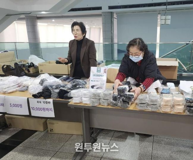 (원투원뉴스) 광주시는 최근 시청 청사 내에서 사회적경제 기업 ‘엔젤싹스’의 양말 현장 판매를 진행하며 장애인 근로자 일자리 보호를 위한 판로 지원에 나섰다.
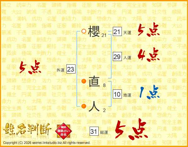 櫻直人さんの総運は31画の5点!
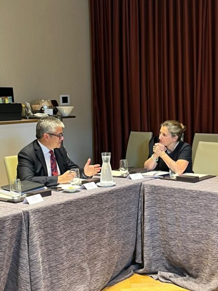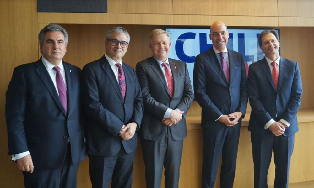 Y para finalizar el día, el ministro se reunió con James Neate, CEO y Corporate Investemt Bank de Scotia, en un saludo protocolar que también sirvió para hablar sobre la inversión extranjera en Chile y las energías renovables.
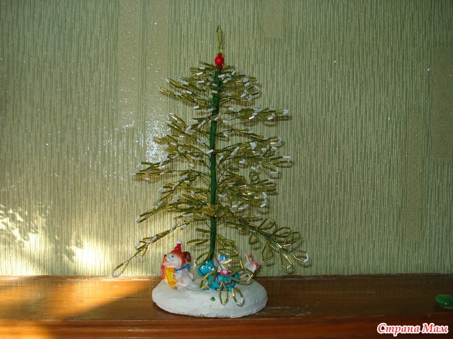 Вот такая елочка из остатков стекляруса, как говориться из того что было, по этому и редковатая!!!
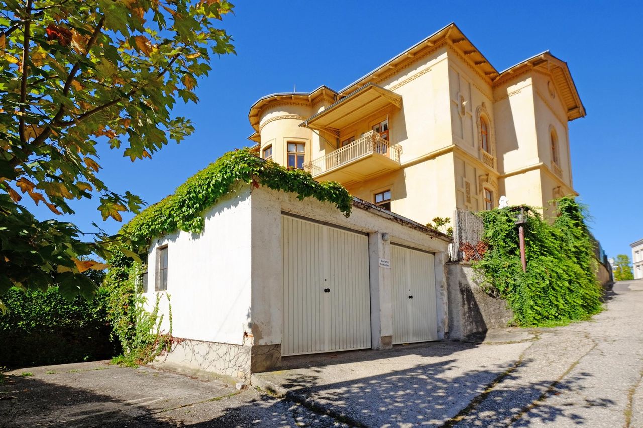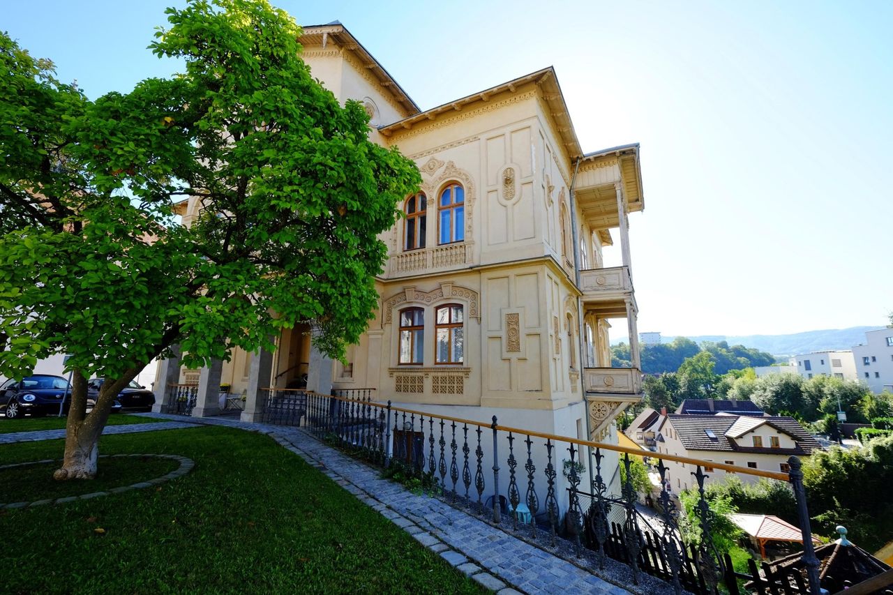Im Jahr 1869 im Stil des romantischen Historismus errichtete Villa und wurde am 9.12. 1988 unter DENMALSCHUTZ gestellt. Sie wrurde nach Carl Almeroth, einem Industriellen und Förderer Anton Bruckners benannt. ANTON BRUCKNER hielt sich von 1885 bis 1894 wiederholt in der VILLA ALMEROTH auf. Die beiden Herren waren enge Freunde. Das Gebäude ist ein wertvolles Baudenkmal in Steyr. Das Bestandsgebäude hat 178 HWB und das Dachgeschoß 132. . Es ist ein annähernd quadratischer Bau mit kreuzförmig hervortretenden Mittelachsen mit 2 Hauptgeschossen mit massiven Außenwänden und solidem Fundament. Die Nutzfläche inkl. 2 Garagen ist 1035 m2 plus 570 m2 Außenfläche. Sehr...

• [TASK OBJECTIVE]:
Nothing but the lines from the line containing "Y para finalizar" through the last line of the records above should be written out, exactly and without the pictures.

• [WRITTEN ANSWER]:
 Y para finalizar el día, el ministro se reunió con James Neate, CEO y Corporate Investemt Bank de Scotia, en un saludo protocolar que también sirvió para hablar sobre la inversión extranjera en Chile y las energías renovables.
 Вот такая елочка из остатков стекляруса, как говориться из того что было, по этому и редковатая!!!
Im Jahr 1869 im Stil des romantischen Historismus errichtete Villa und wurde am 9.12. 1988 unter DENMALSCHUTZ gestellt. Sie wrurde nach Carl Almeroth, einem Industriellen und Förderer Anton Bruckners benannt. ANTON BRUCKNER hielt sich von 1885 bis 1894 wiederholt in der VILLA ALMEROTH auf. Die beiden Herren waren enge Freunde. Das Gebäude ist ein wertvolles Baudenkmal in Steyr. Das Bestandsgebäude hat 178 HWB und das Dachgeschoß 132. . Es ist ein annähernd quadratischer Bau mit kreuzförmig hervortretenden Mittelachsen mit 2 Hauptgeschossen mit massiven Außenwänden und solidem Fundament. Die Nutzfläche inkl. 2 Garagen ist 1035 m2 plus 570 m2 Außenfläche. Sehr...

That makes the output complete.